How are students graded?
Clinics grade in accordance with the historical grade distribution (see the Student Handbook of Academic Policies for more information about this distribution). Final examinations are not given. Rather, student evaluations are based on performance of the lawyering tasks associated with the representation of a client and on a student’s ability to learn from those experiences. Most (but not all) clinics provide students with three or four separate grades for different elements of the students’ work (i.e., seminar, case work, professionalism, etc.). The faculty of each clinic determines the specific criteria upon which students are evaluated. While the faculty is ultimately responsible for determining students’ grades, fellows may participate in the grading process as well.

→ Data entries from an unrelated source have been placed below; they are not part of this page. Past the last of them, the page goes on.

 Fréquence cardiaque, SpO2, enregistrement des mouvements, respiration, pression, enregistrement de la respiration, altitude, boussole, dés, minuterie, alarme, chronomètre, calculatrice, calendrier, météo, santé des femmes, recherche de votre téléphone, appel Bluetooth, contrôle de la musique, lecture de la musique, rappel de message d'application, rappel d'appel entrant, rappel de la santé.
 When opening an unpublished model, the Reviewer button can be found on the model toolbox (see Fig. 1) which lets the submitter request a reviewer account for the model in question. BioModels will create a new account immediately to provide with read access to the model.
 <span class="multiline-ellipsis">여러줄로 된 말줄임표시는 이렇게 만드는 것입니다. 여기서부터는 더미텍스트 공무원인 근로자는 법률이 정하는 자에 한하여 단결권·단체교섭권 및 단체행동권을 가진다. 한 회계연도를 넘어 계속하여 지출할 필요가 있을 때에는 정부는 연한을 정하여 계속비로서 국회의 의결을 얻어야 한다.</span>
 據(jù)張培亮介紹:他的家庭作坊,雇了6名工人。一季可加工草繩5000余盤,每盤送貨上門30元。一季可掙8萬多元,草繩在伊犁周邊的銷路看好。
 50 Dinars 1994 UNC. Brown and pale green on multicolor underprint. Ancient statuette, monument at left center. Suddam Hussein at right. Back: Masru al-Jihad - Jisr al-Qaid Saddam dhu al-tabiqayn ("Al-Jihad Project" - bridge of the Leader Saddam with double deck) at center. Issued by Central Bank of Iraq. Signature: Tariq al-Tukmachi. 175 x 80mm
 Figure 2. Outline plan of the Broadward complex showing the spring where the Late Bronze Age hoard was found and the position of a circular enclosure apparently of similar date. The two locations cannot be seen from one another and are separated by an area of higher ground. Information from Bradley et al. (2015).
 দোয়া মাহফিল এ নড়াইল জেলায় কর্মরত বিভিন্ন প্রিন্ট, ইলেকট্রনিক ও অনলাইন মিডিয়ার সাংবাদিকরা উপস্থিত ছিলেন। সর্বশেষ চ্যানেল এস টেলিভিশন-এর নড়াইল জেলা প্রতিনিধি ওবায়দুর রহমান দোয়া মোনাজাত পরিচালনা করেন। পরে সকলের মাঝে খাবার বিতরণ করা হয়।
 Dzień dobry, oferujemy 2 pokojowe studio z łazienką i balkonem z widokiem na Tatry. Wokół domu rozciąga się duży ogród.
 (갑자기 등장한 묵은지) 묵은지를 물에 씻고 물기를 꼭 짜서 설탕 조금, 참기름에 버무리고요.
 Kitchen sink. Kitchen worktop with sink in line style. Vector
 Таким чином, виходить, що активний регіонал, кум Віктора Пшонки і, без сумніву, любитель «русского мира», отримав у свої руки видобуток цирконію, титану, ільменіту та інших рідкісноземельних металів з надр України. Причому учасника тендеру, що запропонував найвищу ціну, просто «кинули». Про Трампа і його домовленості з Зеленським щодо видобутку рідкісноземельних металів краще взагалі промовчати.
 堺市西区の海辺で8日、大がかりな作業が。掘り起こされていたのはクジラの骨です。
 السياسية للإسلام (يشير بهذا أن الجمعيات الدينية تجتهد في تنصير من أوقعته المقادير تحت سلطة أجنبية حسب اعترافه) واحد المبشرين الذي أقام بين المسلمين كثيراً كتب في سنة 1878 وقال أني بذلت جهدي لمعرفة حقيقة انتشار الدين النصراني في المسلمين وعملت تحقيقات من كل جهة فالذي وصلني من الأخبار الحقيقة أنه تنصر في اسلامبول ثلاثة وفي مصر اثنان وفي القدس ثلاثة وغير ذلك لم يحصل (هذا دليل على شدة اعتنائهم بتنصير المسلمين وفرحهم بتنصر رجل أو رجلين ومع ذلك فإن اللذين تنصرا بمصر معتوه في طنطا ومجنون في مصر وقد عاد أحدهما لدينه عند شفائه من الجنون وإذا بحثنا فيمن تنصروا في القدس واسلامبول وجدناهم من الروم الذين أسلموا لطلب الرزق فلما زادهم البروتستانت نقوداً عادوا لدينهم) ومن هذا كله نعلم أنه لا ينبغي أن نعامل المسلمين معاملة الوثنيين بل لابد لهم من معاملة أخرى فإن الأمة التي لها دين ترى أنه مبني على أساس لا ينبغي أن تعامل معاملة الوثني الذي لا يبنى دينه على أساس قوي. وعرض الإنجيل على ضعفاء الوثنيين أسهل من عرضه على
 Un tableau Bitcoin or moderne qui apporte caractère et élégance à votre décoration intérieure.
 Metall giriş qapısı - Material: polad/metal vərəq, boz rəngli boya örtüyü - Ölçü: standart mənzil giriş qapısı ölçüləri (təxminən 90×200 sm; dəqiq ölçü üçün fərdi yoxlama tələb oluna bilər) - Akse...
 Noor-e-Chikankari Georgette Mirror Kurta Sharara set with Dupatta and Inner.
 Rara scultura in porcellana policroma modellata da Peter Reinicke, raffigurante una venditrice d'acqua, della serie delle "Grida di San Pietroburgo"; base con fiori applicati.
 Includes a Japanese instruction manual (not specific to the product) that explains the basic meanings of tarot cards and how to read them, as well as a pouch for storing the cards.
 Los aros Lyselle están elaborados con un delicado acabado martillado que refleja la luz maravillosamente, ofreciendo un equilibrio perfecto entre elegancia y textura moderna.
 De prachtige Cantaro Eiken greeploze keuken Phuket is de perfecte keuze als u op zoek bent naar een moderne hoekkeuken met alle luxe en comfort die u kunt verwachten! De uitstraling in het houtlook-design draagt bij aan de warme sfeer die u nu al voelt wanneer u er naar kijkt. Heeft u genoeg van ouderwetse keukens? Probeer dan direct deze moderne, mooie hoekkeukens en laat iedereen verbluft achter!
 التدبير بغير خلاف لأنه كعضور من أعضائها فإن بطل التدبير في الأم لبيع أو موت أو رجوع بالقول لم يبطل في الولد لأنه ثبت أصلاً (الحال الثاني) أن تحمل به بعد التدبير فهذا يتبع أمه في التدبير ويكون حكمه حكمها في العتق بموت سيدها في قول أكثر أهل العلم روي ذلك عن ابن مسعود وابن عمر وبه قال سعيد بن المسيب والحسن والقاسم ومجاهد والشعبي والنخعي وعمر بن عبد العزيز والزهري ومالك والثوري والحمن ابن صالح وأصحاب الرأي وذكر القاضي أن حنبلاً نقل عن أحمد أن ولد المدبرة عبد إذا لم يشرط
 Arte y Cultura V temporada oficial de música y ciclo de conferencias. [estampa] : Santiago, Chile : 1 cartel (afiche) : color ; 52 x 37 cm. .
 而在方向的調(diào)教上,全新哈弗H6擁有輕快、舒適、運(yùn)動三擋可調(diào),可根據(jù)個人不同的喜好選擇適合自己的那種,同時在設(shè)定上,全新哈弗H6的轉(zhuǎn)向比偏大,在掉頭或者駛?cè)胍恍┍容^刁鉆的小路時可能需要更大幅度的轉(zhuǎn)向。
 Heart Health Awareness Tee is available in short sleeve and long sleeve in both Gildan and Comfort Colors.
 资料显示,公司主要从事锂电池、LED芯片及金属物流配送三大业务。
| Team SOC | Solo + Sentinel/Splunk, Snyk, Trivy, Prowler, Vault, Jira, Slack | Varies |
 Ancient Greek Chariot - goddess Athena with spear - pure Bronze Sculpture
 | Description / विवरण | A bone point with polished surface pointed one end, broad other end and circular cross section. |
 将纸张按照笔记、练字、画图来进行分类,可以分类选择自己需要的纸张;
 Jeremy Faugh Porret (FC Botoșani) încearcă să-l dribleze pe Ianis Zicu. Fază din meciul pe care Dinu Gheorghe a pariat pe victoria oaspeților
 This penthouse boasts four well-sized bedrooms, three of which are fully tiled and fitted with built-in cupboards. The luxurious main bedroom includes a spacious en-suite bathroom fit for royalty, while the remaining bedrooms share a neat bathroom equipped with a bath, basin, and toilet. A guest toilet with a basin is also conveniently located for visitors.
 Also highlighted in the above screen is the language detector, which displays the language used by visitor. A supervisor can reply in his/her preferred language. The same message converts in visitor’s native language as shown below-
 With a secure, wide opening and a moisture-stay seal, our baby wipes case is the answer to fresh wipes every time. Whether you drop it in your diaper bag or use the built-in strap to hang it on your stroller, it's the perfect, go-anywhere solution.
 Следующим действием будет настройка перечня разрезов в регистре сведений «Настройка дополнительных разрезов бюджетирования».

What should a student do if s/he has or suspects s/he has a disability that may affect their experience in a clinic?
Because of the nature of clinic work, students with disabilities may encounter a need for accommodations in clinics that may be different from those previously established as appropriate for other courses. The kind of accommodations will depend on the particular clinic’s area of practice and may vary from clinic to clinic. Therefore, students registered with the Law Center’s Office of Disability Services or who suspect that they may have a disability that could affect their experience in a clinic should consult Director of Clinical Programs Jenn Cilingin (firstname.lastname@example.org) and/or the Director of Disability Services Mara Bellino (email@example.com). We advise that students initiate such consultations as soon as possible, ideally before applying to clinics, so they can factor the relevant considerations regarding accommodations into their clinic selection process.